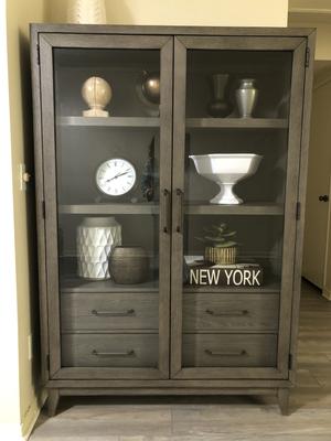 I love this display cabinet! The gray washed finish is beautiful! The simple design is classic and modern! The glass doors allows you to display beautiful pieces!!
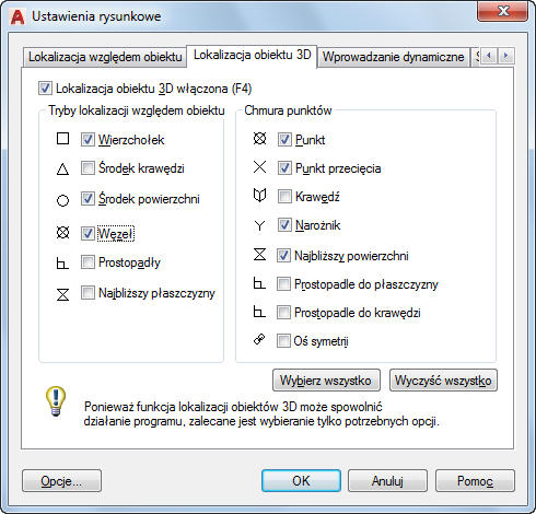 Umożliwia włączenie i wyłączenie lokalizacji obiektów 3D. Indywidualne tryby lokalizacji obiektów 3D wybrane w obszarze Tryby lokalizacji obiektów 3D są aktywne, gdy lokalizacja obiektów jest włączona. (3DOSMODE — zmienna systemowa)
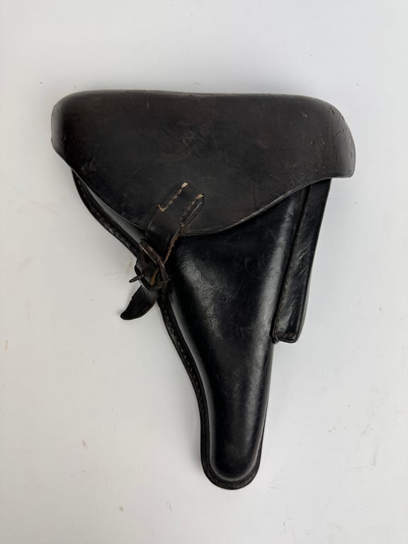 Nice used black p08 holster Maker CEA (Heinrich Thiele AG Dresden) 1942 inner strap is missing
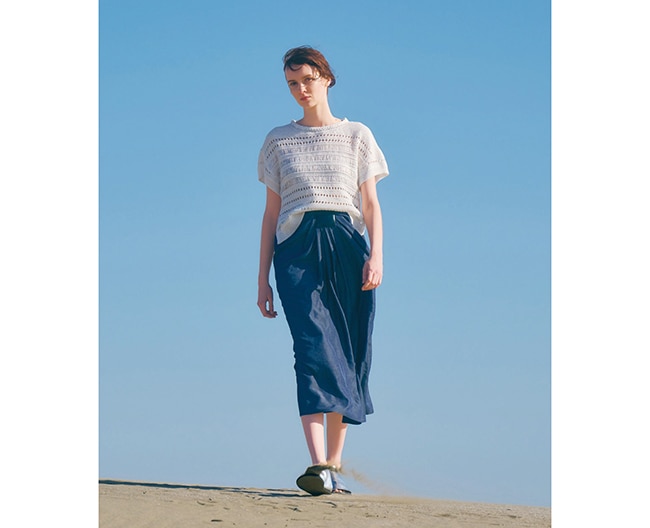 初夏の風を肌で感じるレーシーなトップス。機械織りと手作業でレース調に仕上げた技ありニット。ドレープの効いたスカートと合わせて・・・・。
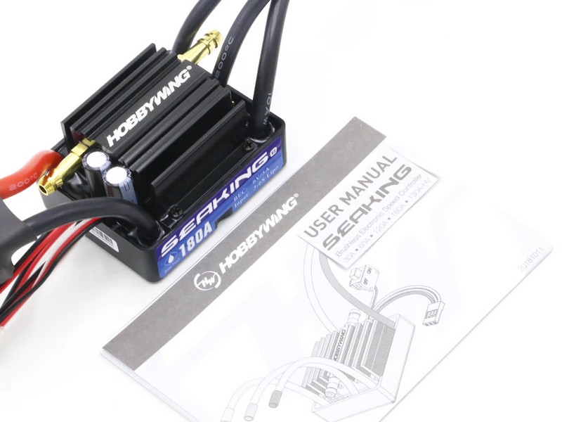 Влагозащищённый регулятор оборотов HobbyWing Seaking V3 180A (Seaking-180A-V3) судомодельный с водяным охлаждением для бесколлекторных моторов. Предназначен для моделей лодок и катеров длиной до 130 см.
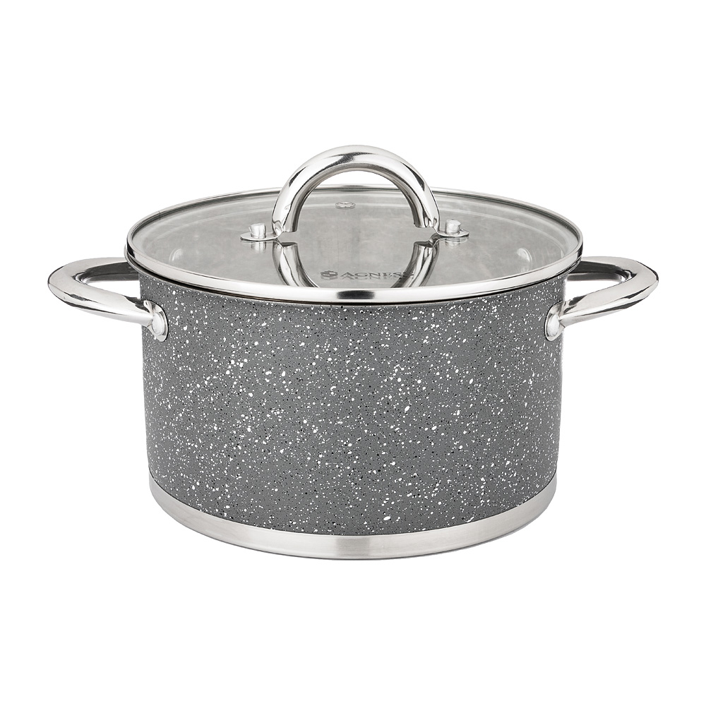 Кастрюля Agness со стеклянной крышкой, нерж.сталь, 3,5л 20х11,5см
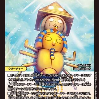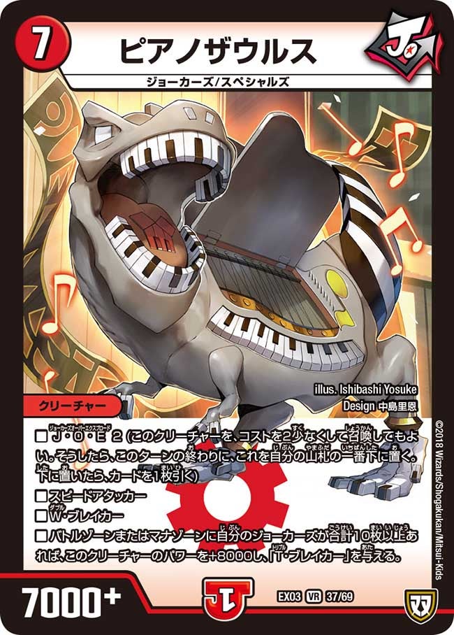 DMEX03 37/69 カードの種類:クリーチャー 文明:火 レアリティ:VR パワー:7000 コスト:7 マナ:1 種族:ジョーカーズ/スペシャルズ イラストレーター:Ishibashi Yosuke Design 中島里恩 特殊能力: J・O・E 2 (このクリーチャーを、コストを2少なくして召喚してもよい。そうしたら、このターンの終わりに、これを自分の山札の一番下に置く。下に置いたら、カードを1枚引く)スピードアタッカーW・ブレイカーバトルゾーンまたはマナゾーンに自分のジョーカーズが合計10枚以上あれば、このクリーチャーのパワーを+8000し、「T・ブレイカー」を与える。
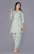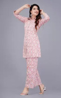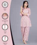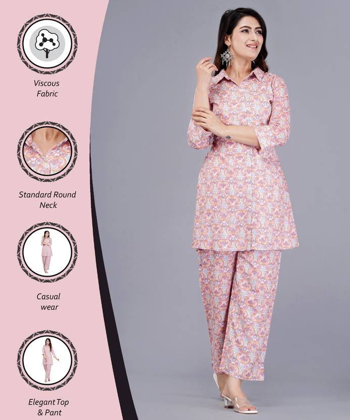 Made from viscose rayon, both the top and bottom offer a comfortable wearing experience. This lightweight fabric allows for ease of movement, making it ideal for all-day wear. Hand wash care instructions maintain the quality and longevity of this set. The material strikes a balance between comfort and style.

→ **Task**
Exact copy, pictures excluded: from the line with "初夏の風を肌で感じるレーシー" up to and including the line with "Кастрюля Agness со" in the data above.

→ **Expected answer**
 初夏の風を肌で感じるレーシーなトップス。機械織りと手作業でレース調に仕上げた技ありニット。ドレープの効いたスカートと合わせて・・・・。
 Влагозащищённый регулятор оборотов HobbyWing Seaking V3 180A (Seaking-180A-V3) судомодельный с водяным охлаждением для бесколлекторных моторов. Предназначен для моделей лодок и катеров длиной до 130 см.
 Кастрюля Agness со стеклянной крышкой, нерж.сталь, 3,5л 20х11,5см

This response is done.